According to CNBC, the company’s shares have fallen by almost 45 percent over the last year. In July, John Schnatter, the company’s founder and former CEO, officially resigned his position as chairman of the board. The news came hours after Schnatter acknowledged the use of a racial slur during a May conference call and offered a public apology. Media reports indicated that Schnatter was also accused of graphically describing violence against minorities.
That controversy came less than a year after Schnatter relinquished his CEO role after criticizing National Football League players for kneeling during the national anthem, blaming the outcry surrounding their protests for slowing sales growth at Papa John’s, at the time an NFL sponsor and advertiser.

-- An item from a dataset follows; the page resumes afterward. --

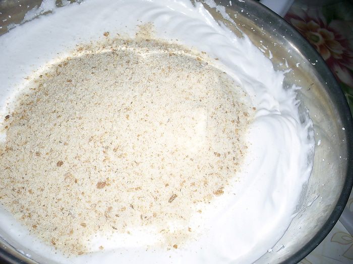 Пришло время добавить сухари. Можно взять белые панировочные, однако под названием "белые", в пачке с магазинными, как правило, могут быть и ржаные (проверенно на своем опыте). Поэтому я смолола на кофемолке 50 граммов сухарей, чтоб быть уверенной в их качестве. аккуратно перемешиваем лопаткой движениями сверху-вниз от краев к центру.

Schnatter filed a lawsuit on July 27 against the company, accusing it of failing to produce documents related to his ouster. His attorneys reportedly wanted to inspect company documents “because of the unexplained and heavy-handed way in which the company has treated him since the publication of a story that falsely accused him of using a racial slur.”
While a source confirmed Papa John’s has hired Bank of America and Lazard as financial advisors, they pointed out that the company isn’t exploring a sale at this time.
“While we recognize Papa John’s attraction as an acquisition candidate given its current turmoil and turnaround potential, we believe the likelihood for some type of strategic action is low without founder John Schnatter’s approval,” Peter Saleh, analyst at BTIG, wrote in a research note last week.
Saleh added that Schnatter, who has about a 30 percent stake in the company, probably won’t want to sell or step away from the company he founded, “making the math on shareholder approval of such an action more difficult, though not impossible.”
Papa John’s, Bank of America, Lazard and Schnatter’s representatives all declined to comment.